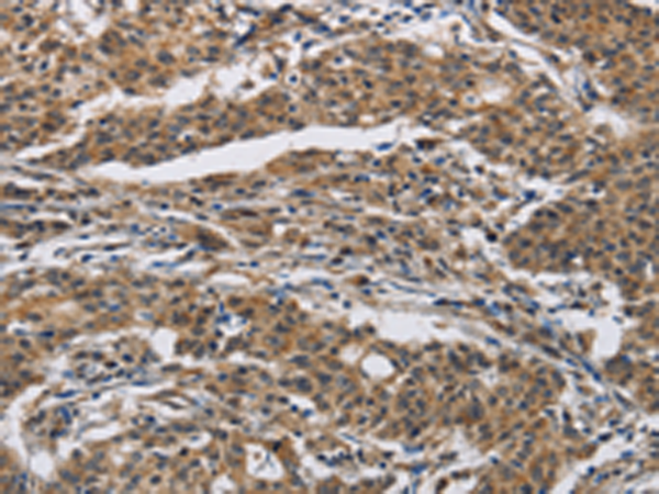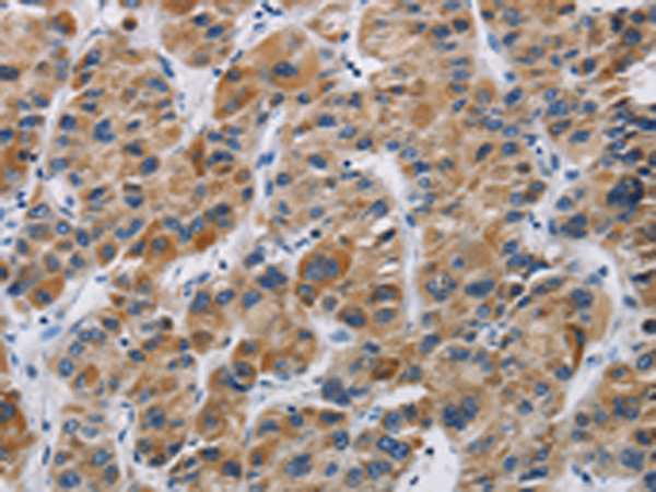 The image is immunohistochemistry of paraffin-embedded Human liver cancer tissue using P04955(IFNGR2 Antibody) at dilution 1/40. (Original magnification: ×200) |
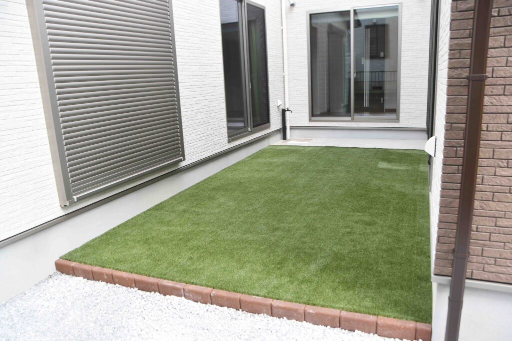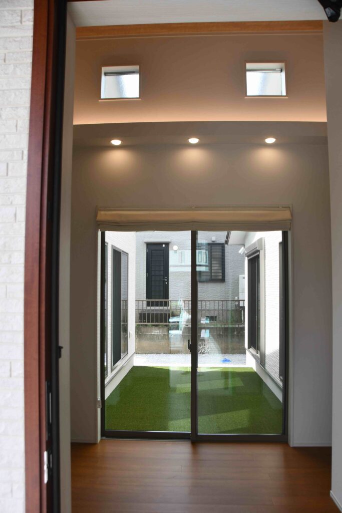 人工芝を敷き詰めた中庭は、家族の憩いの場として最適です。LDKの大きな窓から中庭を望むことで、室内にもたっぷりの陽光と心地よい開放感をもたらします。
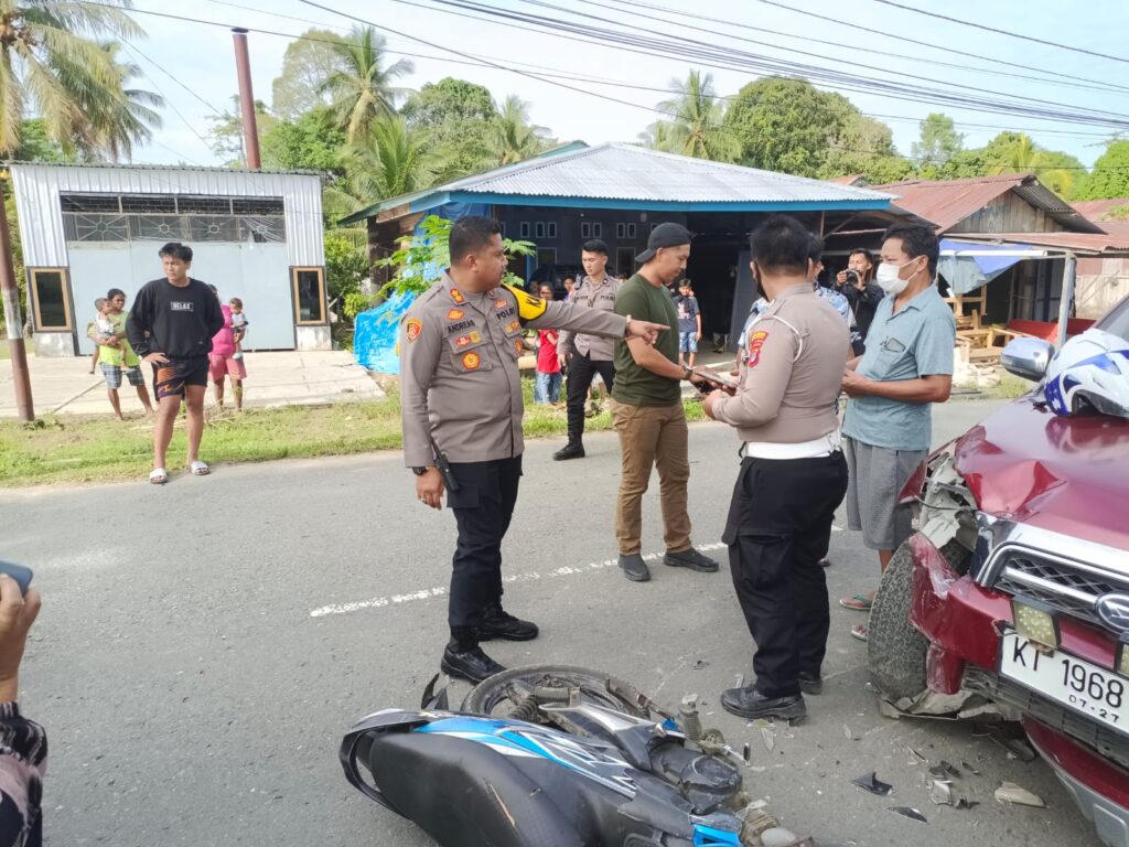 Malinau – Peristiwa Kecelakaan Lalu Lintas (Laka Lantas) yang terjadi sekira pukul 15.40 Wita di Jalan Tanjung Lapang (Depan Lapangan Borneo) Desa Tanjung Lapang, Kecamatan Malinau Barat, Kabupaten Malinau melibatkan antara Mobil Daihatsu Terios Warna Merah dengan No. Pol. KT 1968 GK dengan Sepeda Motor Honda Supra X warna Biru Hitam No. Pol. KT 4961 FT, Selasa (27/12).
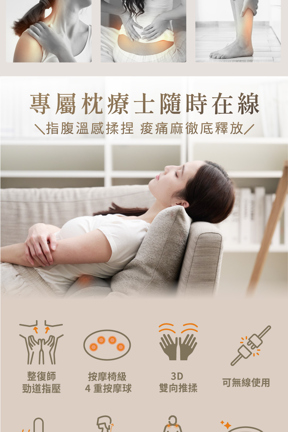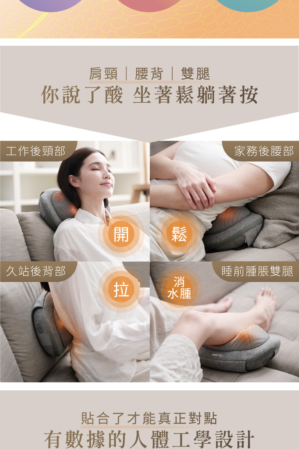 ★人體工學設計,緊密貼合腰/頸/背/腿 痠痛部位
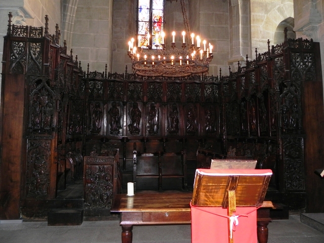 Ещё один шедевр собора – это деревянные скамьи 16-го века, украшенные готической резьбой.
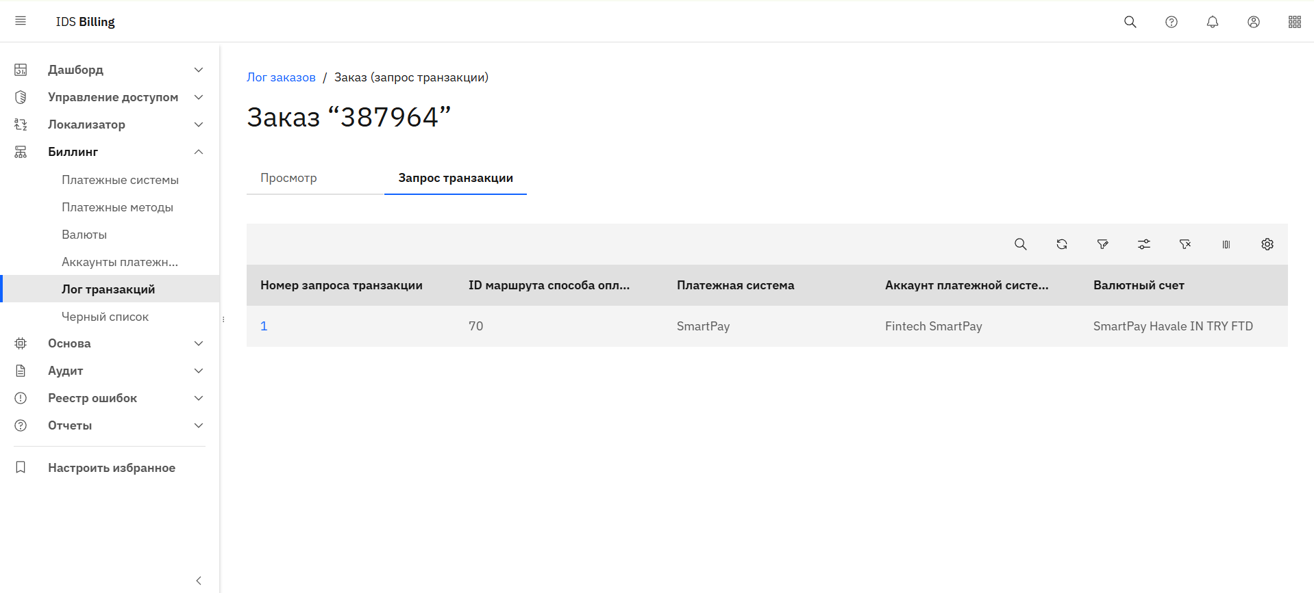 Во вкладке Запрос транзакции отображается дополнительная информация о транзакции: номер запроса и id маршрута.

Required work
Retype all the records exactly and keep out every picture.

Response area
 The image is immunohistochemistry of paraffin-embedded Human liver cancer tissue using P04955(IFNGR2 Antibody) at dilution 1/40. (Original magnification: ×200) |
 人工芝を敷き詰めた中庭は、家族の憩いの場として最適です。LDKの大きな窓から中庭を望むことで、室内にもたっぷりの陽光と心地よい開放感をもたらします。
 Malinau – Peristiwa Kecelakaan Lalu Lintas (Laka Lantas) yang terjadi sekira pukul 15.40 Wita di Jalan Tanjung Lapang (Depan Lapangan Borneo) Desa Tanjung Lapang, Kecamatan Malinau Barat, Kabupaten Malinau melibatkan antara Mobil Daihatsu Terios Warna Merah dengan No. Pol. KT 1968 GK dengan Sepeda Motor Honda Supra X warna Biru Hitam No. Pol. KT 4961 FT, Selasa (27/12).
 ★人體工學設計,緊密貼合腰/頸/背/腿 痠痛部位
 Ещё один шедевр собора – это деревянные скамьи 16-го века, украшенные готической резьбой.
 Во вкладке Запрос транзакции отображается дополнительная информация о транзакции: номер запроса и id маршрута.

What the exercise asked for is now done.